The train feels suddenly and strangely unfamiliar. A kind of hostility bubbles up from underneath it.

The cars tower over me -- black, hulking masses -- as if they might collapse in a heap in their great tonnage upon my frail form.

But there's that weird obligation still hanging in the air. So I keep walking along the line, but move a few paces apart from the staring string of freight.

I feel a slow terror begin to grip me, from somewhere outside of myself. I cannot appropriate this train, and yet I am still searching for my grain car.

And now my head is throbbing, and I feel like I must steady myself. And I am beset with what I can only describe as an abject feeling of pure horror; unmitigated dread, as though at any moment the devil himself might lean out from one of the cars and pull me up.

I stumble away from the train, the line, slowly, unable to make myself run.

As I manage to put more space between myself and the tracks, I feel the black dread ease. I keep glancing over my shoulder to reassure myself that the train isn't actually somehow still occupying the space immediately behind me.
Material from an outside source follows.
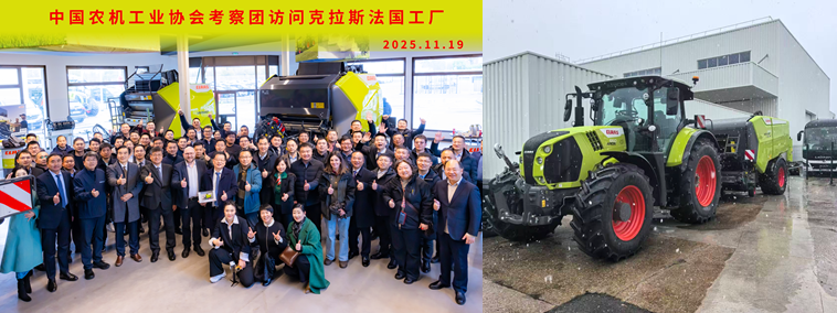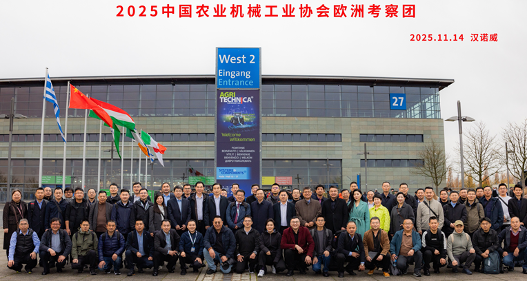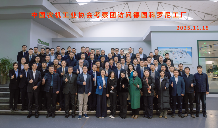 中国农业机械工业协会组织的“中国农机工业代表团”一行88人,由赵剡水会长带队,于2025年11月赴欧洲进行农机工业的专业考察。代表团一行用三天时间详细考察了德国AGRITECHNICA展会(以下简称“汉诺威农机展”),并依次访问了科罗尼(KRONE)公司在德国Spelle的工厂、雷肯(LEMKEN)公司在德国Alpen的工厂和克拉斯(CLAAS)公司在法国Metz的工厂。

I make it to the city park with its bank of picnic tables, and hurl my bag and my water away from me as if some of that weird blackness still clings to them. I throw myself down on a weathered bench, feeling as though I've just sprinted a mile pursued by a twister.

I'm still catching my breath when I hear the slack action ripple down the line of freight, and the train begins to haul itself away.

The night softens again, and I can hear leaves on the pavement; cars crossing over the bridge.

Nearby, laughter and conversation.

Slowly, saved yet again, I return to myself.